At the entrance to the park I pointed out a historical monument. When we were back at the office, Sandra had asked me how Gervais Lake and Creek got their names. I recounted the story of the French Canadian voyageur, Benjamin Gervais, who had settled in Little Canada in 1844 to build a farm and mill. Just across the road at the entrance to the park is a replica of the grindstone he used to grind corn and wheat. His grist mill was the first commercial grain mill built in Minnesota. I told her that the Dakota, from the village of Kaposia on the Mississippi River, were friends of Gervais when he had a land claim near Fort Snelling. They had guided him up through the creeks and lakes and along this channel to find new land for his farm and mill. This area was their summer hunting and fishing grounds until treaties drove them off their land.
 
A replica of Benjamin Gervais' grist mill stone rests above the creek.
 
As we wandered down along Gervais Creek, I pondered its changes over time. As more settlers continued to move in, more farms were carved out of the native forests and prairies and residential areas slowly developed. The creek that once powered a mill was ditched to drain excess stormwater away from farm fields, muddy streets and houses. Ditching this creek meant that it was straightened out so it was no longer a meandering stream. The creek became known and managed as County Ditch 16, a drainage ditching flowing into Gervais Lake. It would be years before calling it Gervais Creek became commonplace again.

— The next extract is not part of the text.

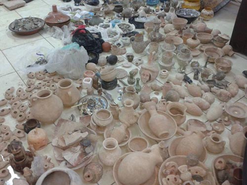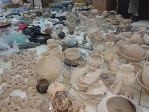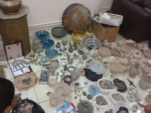وتتضمن الآثار التي تم ضبطها خزفيات وجرار فخارية وأواني معدنية وتماثيل لغزلان وغيرها .

We continued down the walking path along the creek to the first pond. When the treatment ponds were created native prairie and wetland seeds were sown. I can remember coming to the ponds with RSVP elders and sixth grade students from St. Paul to plant plugs along their edges, long before the District purchased land nearby and built our office. 

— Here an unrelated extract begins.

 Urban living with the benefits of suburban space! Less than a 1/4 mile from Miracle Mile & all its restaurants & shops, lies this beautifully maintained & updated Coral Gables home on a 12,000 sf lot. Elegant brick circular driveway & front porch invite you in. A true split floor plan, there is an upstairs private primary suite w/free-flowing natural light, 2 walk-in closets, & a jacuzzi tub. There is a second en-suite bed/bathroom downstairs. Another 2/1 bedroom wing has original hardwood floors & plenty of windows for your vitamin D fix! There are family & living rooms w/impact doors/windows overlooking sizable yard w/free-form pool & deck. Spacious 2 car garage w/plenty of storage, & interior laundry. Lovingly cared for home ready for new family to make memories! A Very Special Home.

As was typical at the time, no on-going vegetation management was conducted and invasive plants quickly dominated the park. Invasive weed control efforts began in 1999. Since that time, the park has seen a gradual shift in the plant community to one rich in colorful native prairie and woodland species. Most recently, a cooperative buckthorn removal project between the City of Little Canada and the Watershed District, with assistance from Ramsey County Correctional Facility Greenhouse staff, has made a major improvement in the quality of the woodland surrounding the ponds. With its abundant native flora, Gervais Mill Park attracts a wide variety of diverse urban wildlife.



Two river birch entangled
by wild grapevine

Perhaps the Joe Pyeweed, towering cup plant or arrowhead that Sandra and I were now looking at were offspring of some of those first wetland plants we reintroduced to the area.
 
Water lily and arrowhead provide habitat for aquatic wildlife.

As we circled the pond, the egret that frequents the area made a guest appearance. Overhead green herons were diving through the air and hovering above the pond. A golden dragonfly perched on a leaf, its landing eased by its soft cushioning grasp.


A dragonfly lands on a Joe Pye Weed.

As we stood in silence on the edge of the water, we were awed by the generosity of these “ordinary” things. The wind on the pond, spreading ripples across its glistening surface, had the last word.